If we use a different approach for the data warehouse, one that results in a much simpler picture, it should be very easy to keep it up-to-date and also to give it to end users to help them understand the data warehouse. Another factor to consider is that entity-relationship diagrams tend to result in a normalized database design, where, as in a data warehouse, a denormalized design is often used.
An alternative to using the entity-relationship model is the dimensional model, which is different from the entity-relationship model because it views data from a different perspective. Instead of considering an entity, which represents a thing such as a product or a place and the relationships between those entities, a dimensional model describes data using dimensions and facts, which become actual tables in the database.
Dimensional models, as illustrated in Figure 2.1, despite sometimes looking quite simple, provide a very effective way of holding historical and current data in a form that makes this data accessible to business users and that enable them to make the right business decisions. A dimensional data warehouse can be viewed as containing data that:
Has been validated (i.e., no invalid product codes)
Is historical (i.e., the last 36 months)
Is integrated (the same key is used by all systems)
Is easily accessible
Figure 2.1: Dimensional modeling.
The fact table, of which there could be more than one, contains factual information, is usually the largest table in the data warehouse, and is typically fast growing. The fact tables are typically where all of the detail data that you want to keep in the data warehouse are stored, such as all of the telephone calls made by a customer or the orders placed by your customer, as shown in Figure 2.1.

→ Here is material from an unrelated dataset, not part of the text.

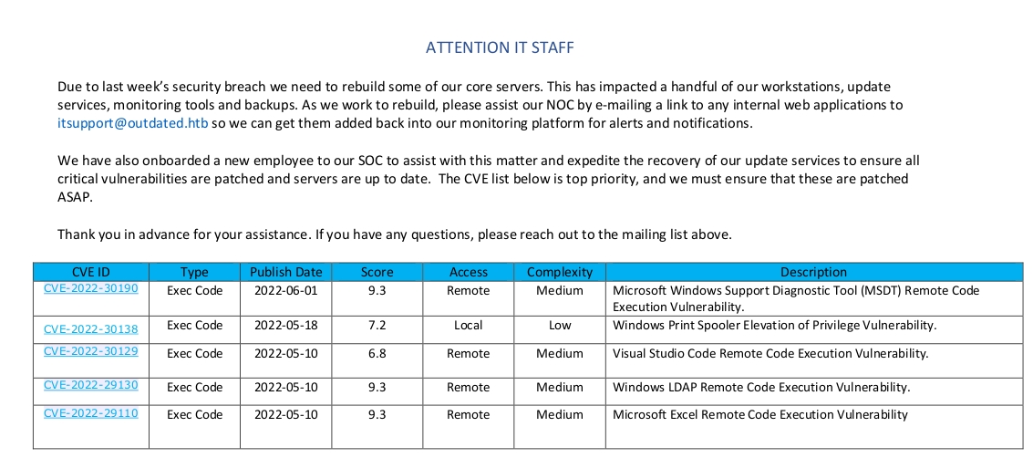 NOC_Reminder.pdf AR 106977 Mon Jun 20 11:00:32 2022When we view the PDF, it talks about how the systems are vulnerable to some CVEs, and that we have to send an email to itsupport@outdated.htb for it.

Therefore, if a customer made 20 telephone calls, then it is likely that 20 rows will be stored in the fact table for this customer. Consequently, the fact tables will be by far the largest table in the database, possibly containing hundreds of millions of rows in a large data warehouse. If you are unsure as to whether data is factual, it is often numeric and is sometimes a value that may be computed, such as the value of an order or the number of items purchased.
The information contained in the fact table doesn't have to be at the finest level of detail; it could be summarized data, such as total telephone calls made by a customer today. The level at which data is held in the fact table is known as the granularity and is one of the important decisions the ware-house designer must make. In the example described here, the difference in the number of records stored over a 24-month period would be huge. Contrast the storage requirements between a record stored for every telephone call a customer made in a single day compared with a record for every telephone call a customer makes.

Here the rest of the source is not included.